Answer:
mR²/2
Step-by-step explanation:
Here is the complete question
An object of radius′
R′ and mass ′
M′ is rolling horizontally without slipping with speed ′
V′
. It then rolls up the hill to a maximum height h = 3v²/4g. The moment of inertia of the object is (g= acceleration due to gravity)
Solution
Since it rolls without slipping, there is no friction. So, its initial mechanical energy at the horizontal surface equals its final mechanical energy at the top of the hill.
Since the object is rolling initially, and on horizontal ground, it initial energy is kinetic and made up of rotational and translational kinetic energy.
So, E = K + K'
E = 1/2mv² + 1/2Iω² where m = mass of object, v = speed of object, I = moment of inertia of object and ω = angular speed of object = v/r where v = speed of object and R = radius of object.

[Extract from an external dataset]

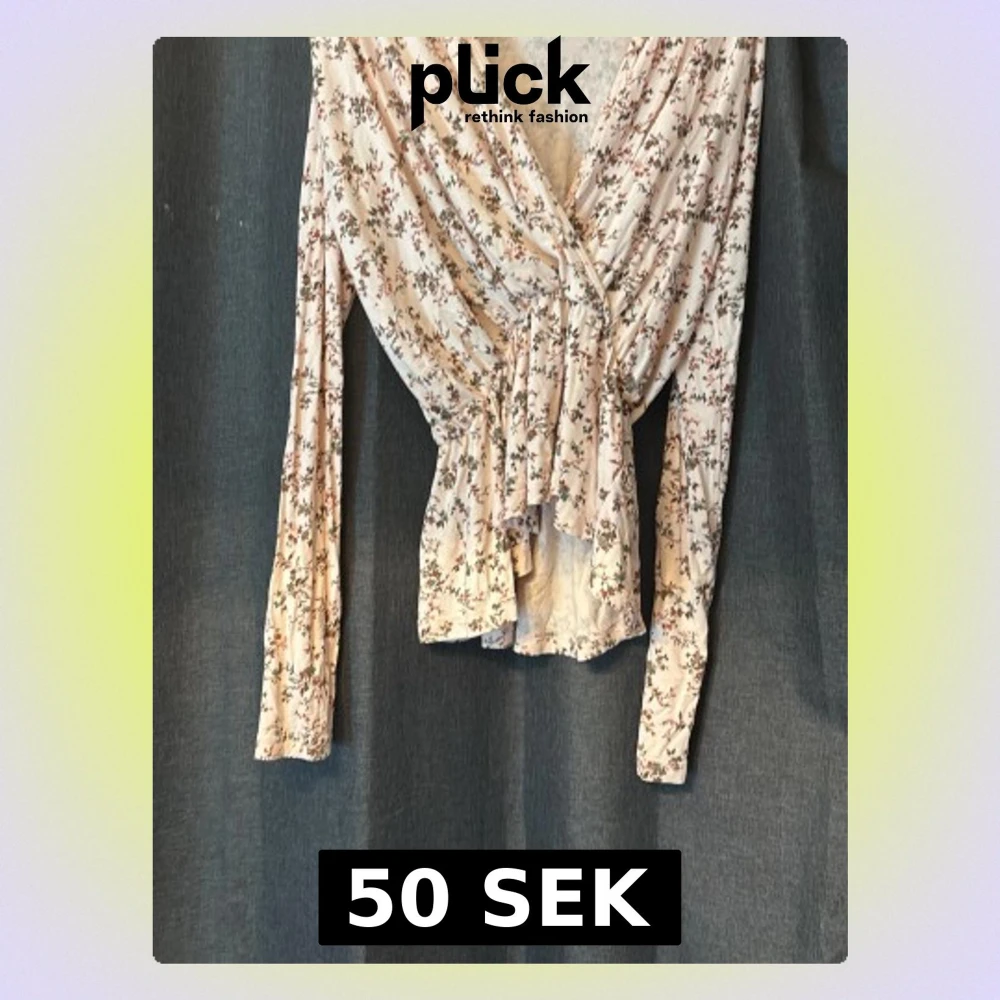 Supersöt omlottopp i ljusbeige med småblommigt mönster i rosa och grönt. Toppen har långa ärmar, volangkant nertill och knyt i midjan för en snygg passform. Perfekt för dig som gillar romantisk och feminin stil.

Also, the final mechanical energy of the object, E' is its potential energy at the top of the hill. So, E' = mgh.
Since E = E',
1/2mv² + 1/2Iω² = mgh
substituting the values of ω and h into the equation, we have
1/2mv² + 1/2Iω² = mgh
1/2mv² + 1/2I(v/R)²= mg(3v²/4g)
Expanding the brackets, we have
1/2mv² + 1/2Iv²/R²= 3mv²/4
Dividing through by v², we have
1/2m + I/2R²= 3m/4
Subtracting m/2 from both sides, we have
I/2R² = 3m/4 - m/2
Simplifying, we have
I/2R² = m/4
Multiplying through by 2R², we have
I = m/4 × 2R²
I = mR²/2